Supplied data:

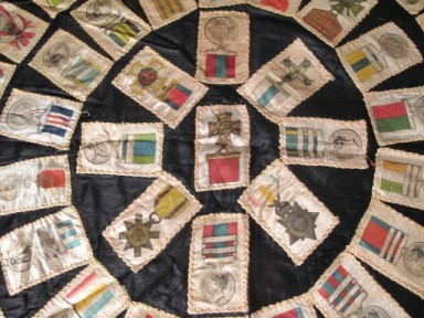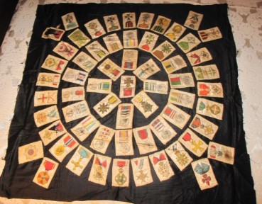 Lot #302 - Black silk panel of antique silk cig cards depicting various English military medals
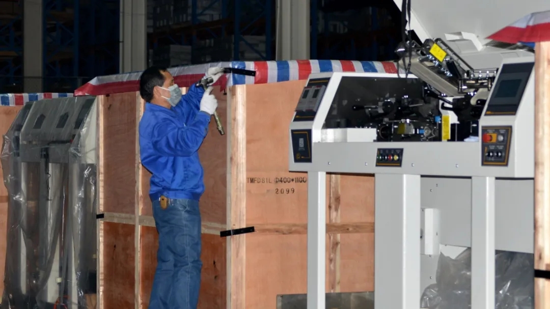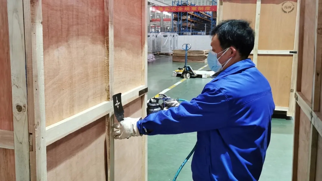 總裝車間主任彭文武對發(fā)貨產品包裝作邊角固定
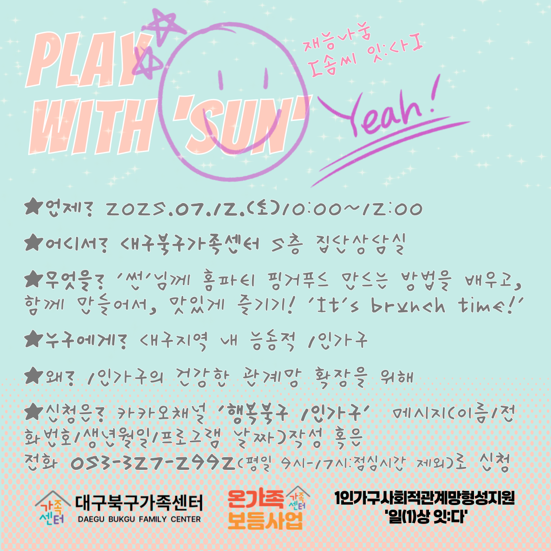 [대구북구가족센터] 온가족보듬사업 1인가구 사회적관계망 형성지원 '일(1)상 잇:다'
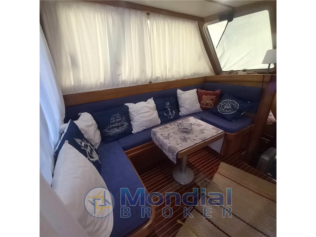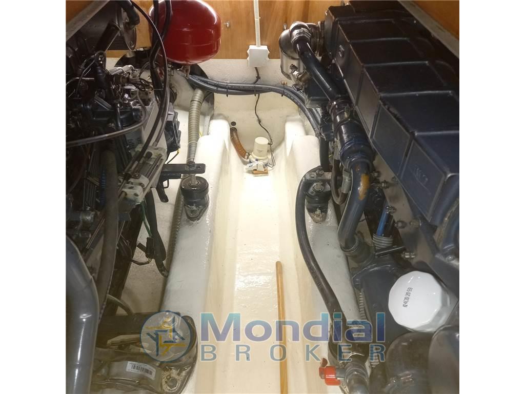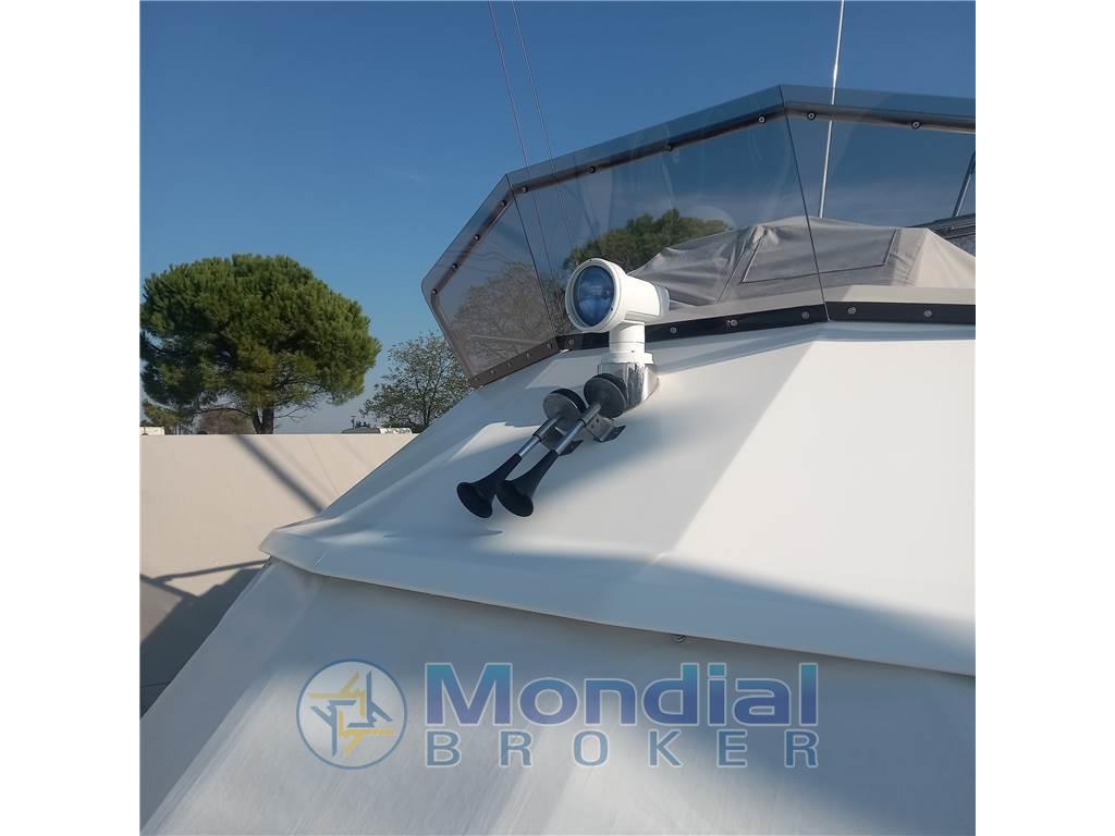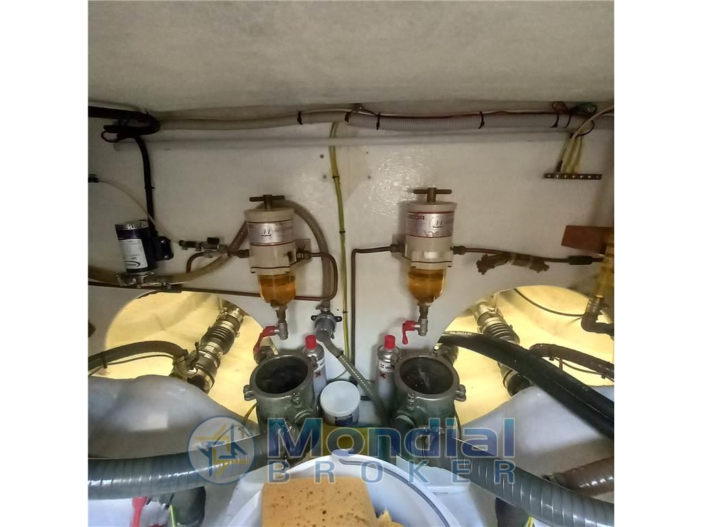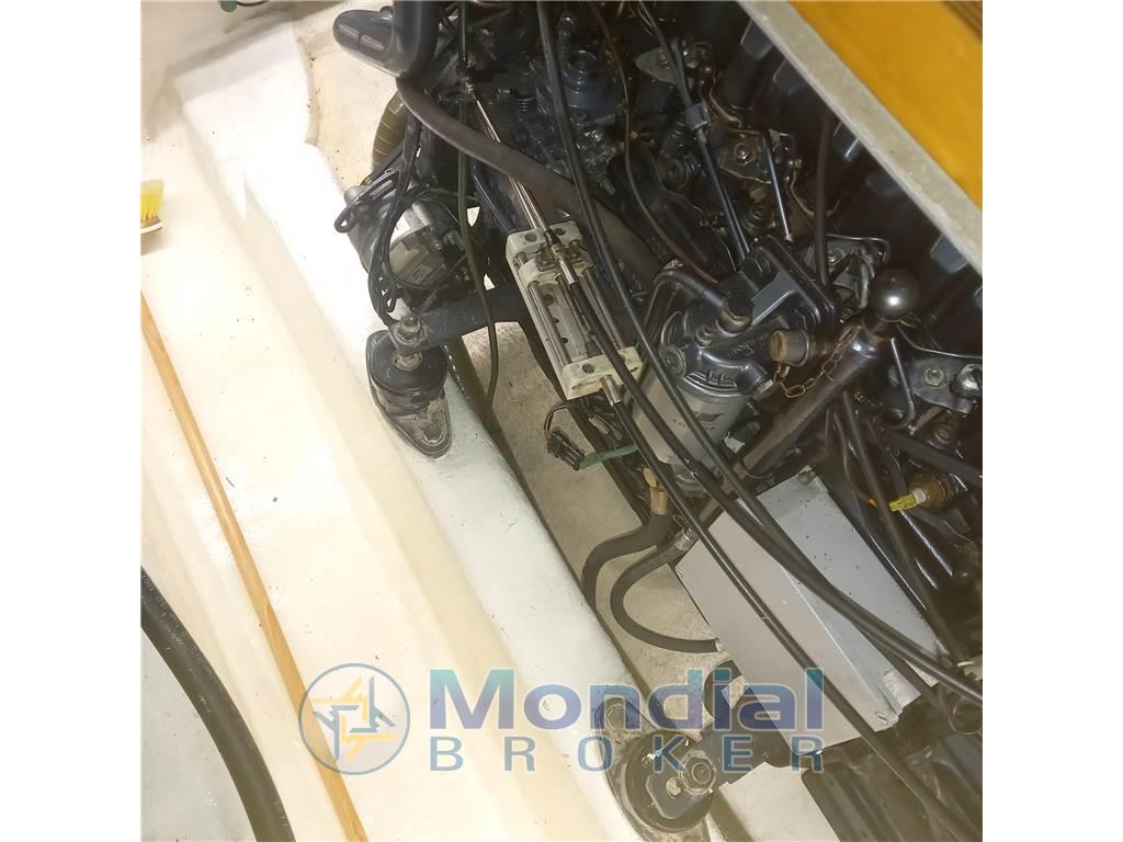Notas internasNotas de la instrumentaciónAngolo barra, Antenna radar, Bussola, Contametri catena, Display, Ecoscandaglio, 2 GPS (Raymarine (2022)), 2 Pilota automatico (Raymarine (2022)), Radio VHF (2019).Notas de armamentoAllestimento tecnico e di coperta:Allarme motore, Ancora, Autogonfiabile, Doccia esterna, Doppia timoneria, Faro orientabile (2022), Flap idraulici (N°2), Gruette per tender, Impianto antincendio, Luci di cortesia, Passerella, Piattaforma (allungata 2017), Pompa di sentina automatica, Pompa di sentina manuale, Pozzetto Teak (Rifatto 2018), Presa 220V banchina, Presa acqua banchina, Raddrizzatore, Ripetitore strumentazione, Rollbar, Salpa Ancore Elettrico, Scaletta da bagno, Sistema Depurazione acque nere, Tavolo Salone Abbattibile, Tender, Tromba. Dotazioni domestiche di bordo: Impianto acque nere, Inverter (2 KW), Pavimento interno in legno (rifatto 2018), Prese interne 12v, Prese interne 220v, Riscaldamento (Webasto Nuovo 2021), Serbatoio Acque Nere, WC marino elettrico (2021). Dotazioni di sicurezza: Riflettore Radar. Intrattenimento: Altoparlanti, Radio AM/FM, Stereo. Cucina ed elettrodomestici: Cucina, Fornello, Frigorifero interno (2019). Tappezzerie: Copripozzetto, Cuscineria completa, Cuscineria di poppa, Cuscineria di prua, Cuscineria fly, Cuscineria Pozzetto, Oscuranti, Teli copri finestra, Telo Copertura Fly, Telo copriconsolle, Telo coprisedile, Tendalino, Zanzariere. |

Your objective: Using the data above, which lines fall from the one with "總裝車間主任彭文武對發(fā)貨產品包裝作邊角固定" through the one with "[대구북구가족센터] 온가족보듬사업 1인가구"? Repeat them exactly, ends included, minus any pictures.

Reply to the task:
 總裝車間主任彭文武對發(fā)貨產品包裝作邊角固定
 [대구북구가족센터] 온가족보듬사업 1인가구 사회적관계망 형성지원 '일(1)상 잇:다'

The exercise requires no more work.